_WHAT THIS TASK INVOLVES:_ Return the listing below unchanged, but without pictures.

_SUPPLIED MATERIAL:_
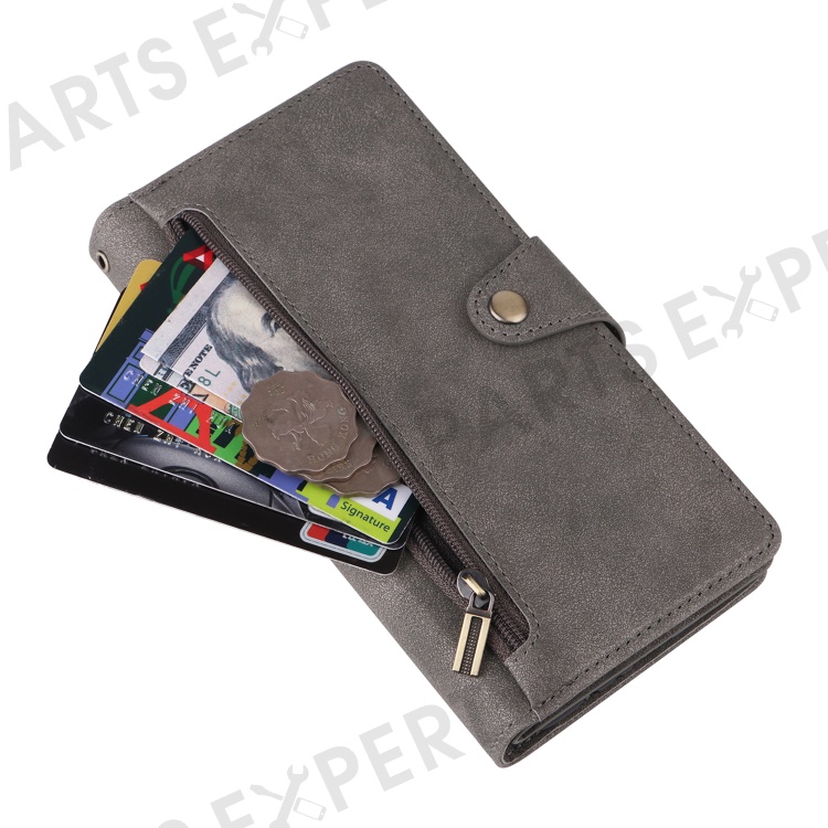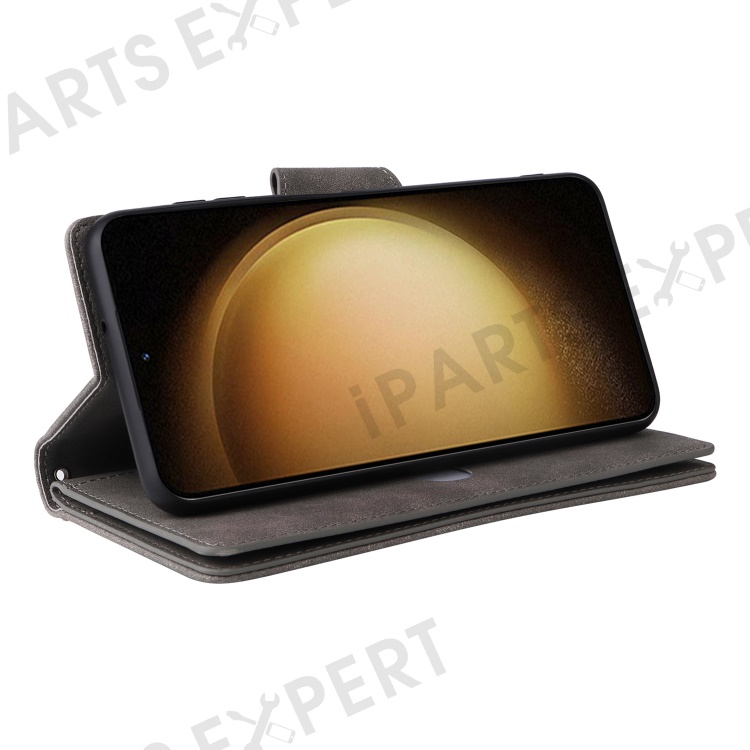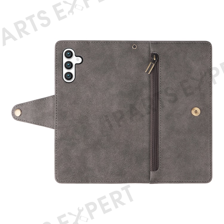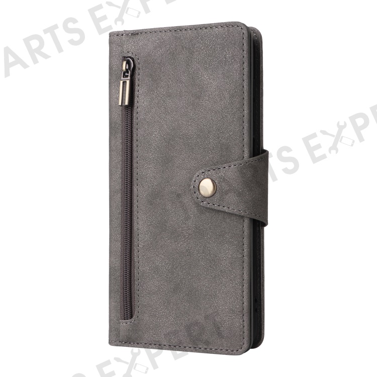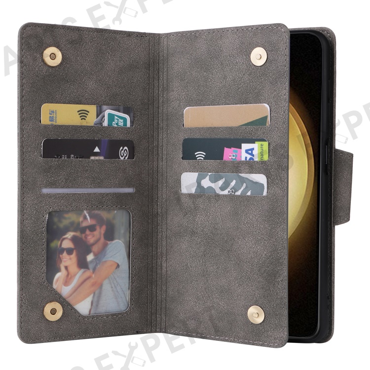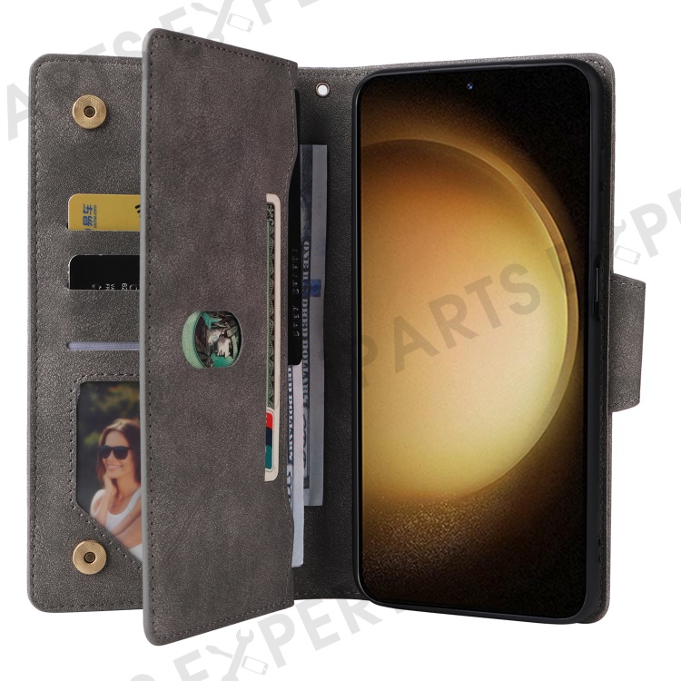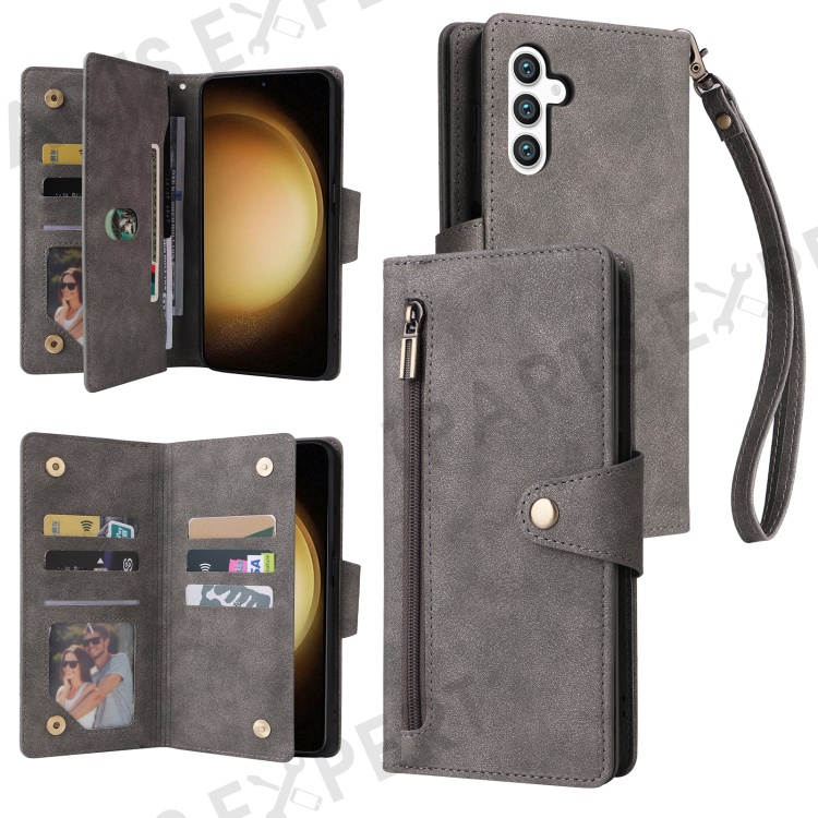 For Samsung Galaxy S25 / S24 Case Zipper Wallet Leather Stand Phone Cover Rivet Decor - Grey
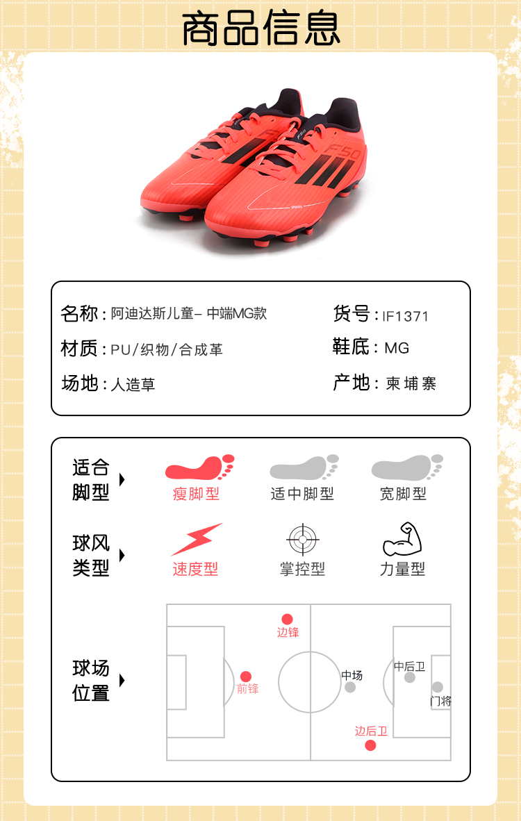 小李子阿迪达斯儿童足球鞋F50 MG短钉足球训练鞋学生男女孩IF1371
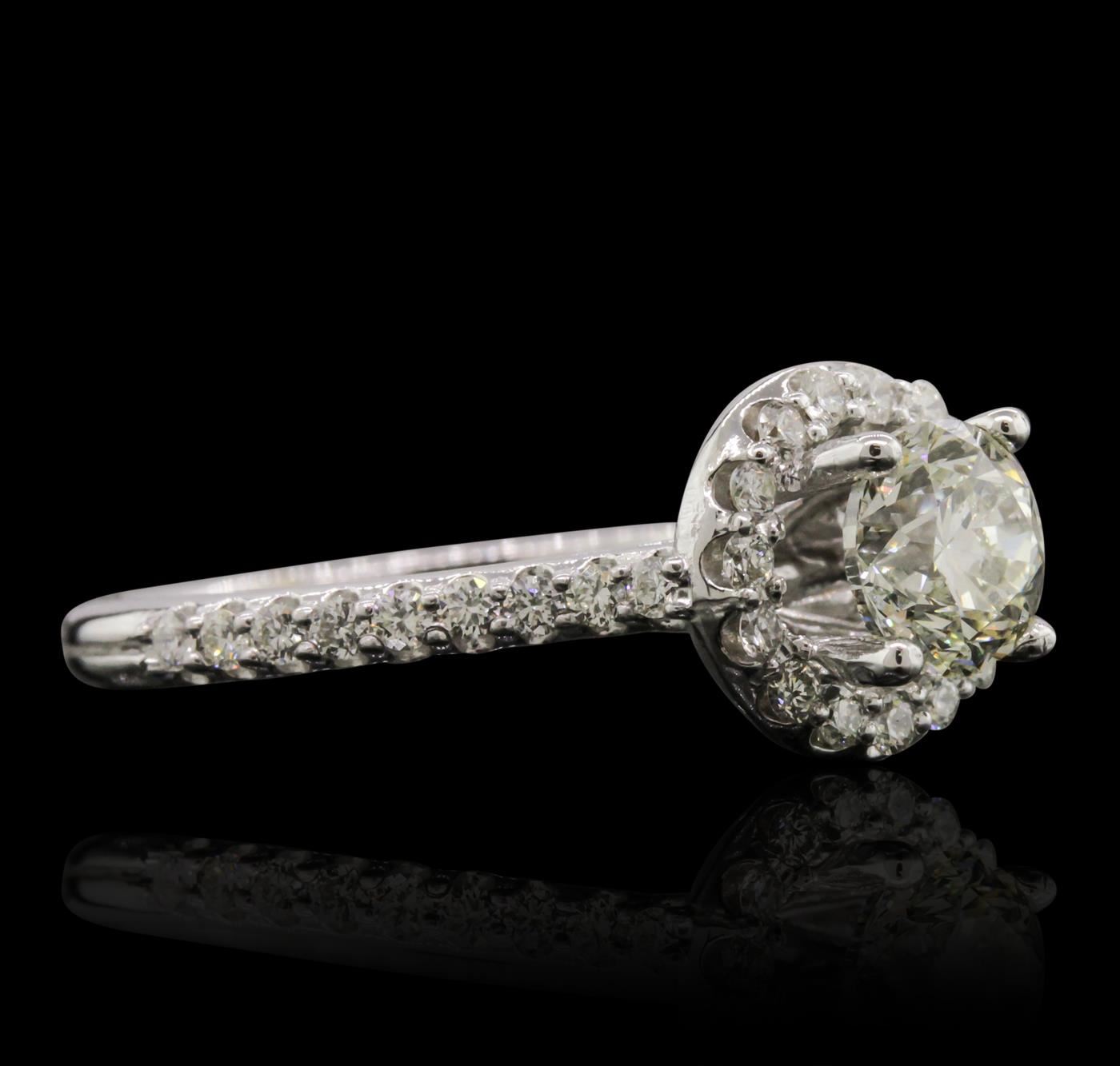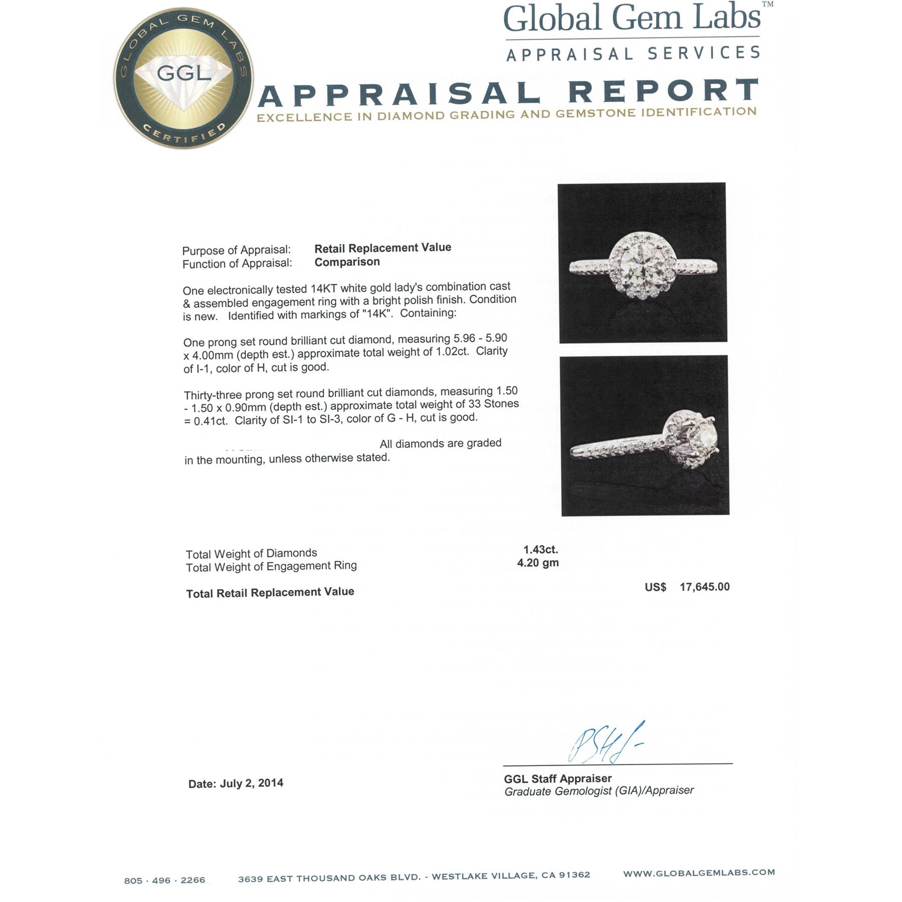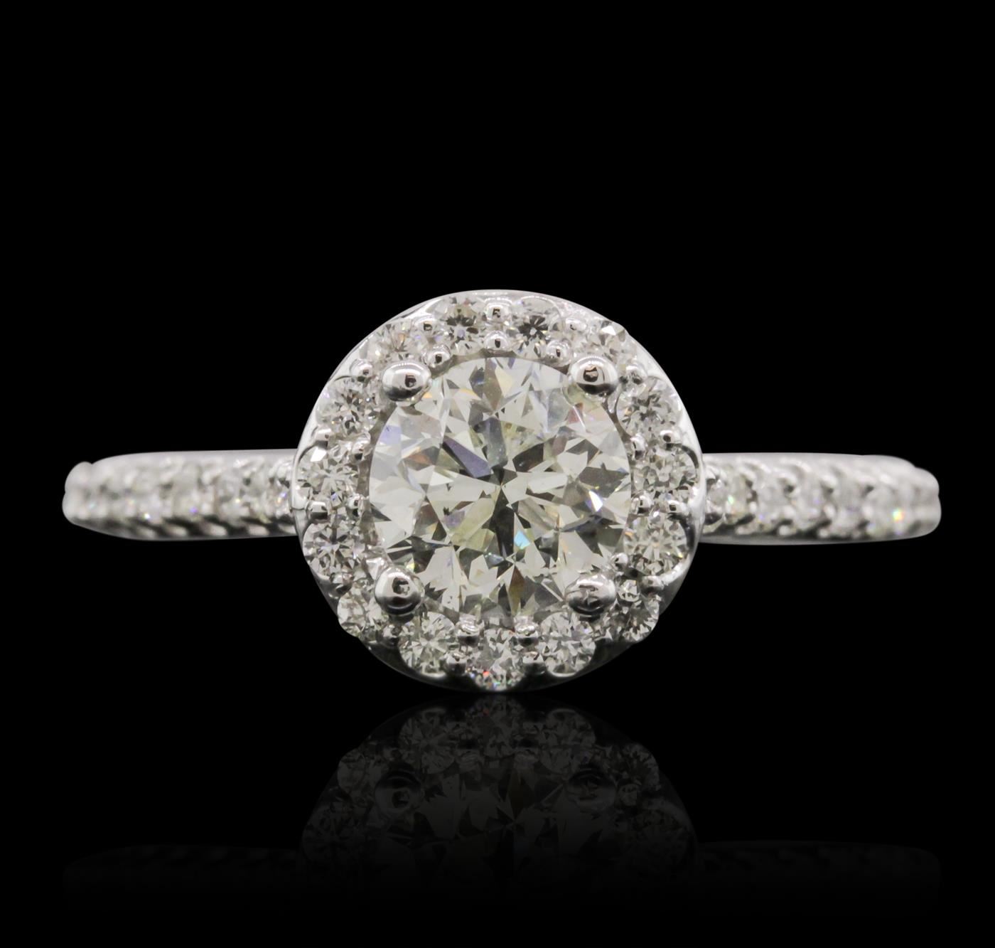 One electronically tested 14KT white gold Ladies combination cast & assembled engagement ring with a bright polish finish. Condition is new. Identified with markings of "14K". Containing: One prong set round brilliant cut diamond, measuring 5.96 - 5.90 x 4.00mm (depth est.) approximate. Total Weight of 1.02ct. Clarity: I-1. Color: H, Cut is Good. Thirty-Three prong set round brilliant cut diamonds, measuring 1.50 - 1.50 x 0.90mm (depth est.) approximate. Total Weight of 33 Stones = 0.41ct. Clarity: SI-1 to SI-3. Color: G - H, Cut is Good. EGL USA GEM ID# US 911348440D. All diamonds are graded in the mounting, unless otherwise stated. Total Weight of Diamonds 1.43ct. Total Weight of Engagement Ring 4.20 grams. GGL Appraised at $17,645.00.

_PROBLEM SOLUTION:_
 For Samsung Galaxy S25 / S24 Case Zipper Wallet Leather Stand Phone Cover Rivet Decor - Grey
 小李子阿迪达斯儿童足球鞋F50 MG短钉足球训练鞋学生男女孩IF1371
 One electronically tested 14KT white gold Ladies combination cast & assembled engagement ring with a bright polish finish. Condition is new. Identified with markings of "14K". Containing: One prong set round brilliant cut diamond, measuring 5.96 - 5.90 x 4.00mm (depth est.) approximate. Total Weight of 1.02ct. Clarity: I-1. Color: H, Cut is Good. Thirty-Three prong set round brilliant cut diamonds, measuring 1.50 - 1.50 x 0.90mm (depth est.) approximate. Total Weight of 33 Stones = 0.41ct. Clarity: SI-1 to SI-3. Color: G - H, Cut is Good. EGL USA GEM ID# US 911348440D. All diamonds are graded in the mounting, unless otherwise stated. Total Weight of Diamonds 1.43ct. Total Weight of Engagement Ring 4.20 grams. GGL Appraised at $17,645.00.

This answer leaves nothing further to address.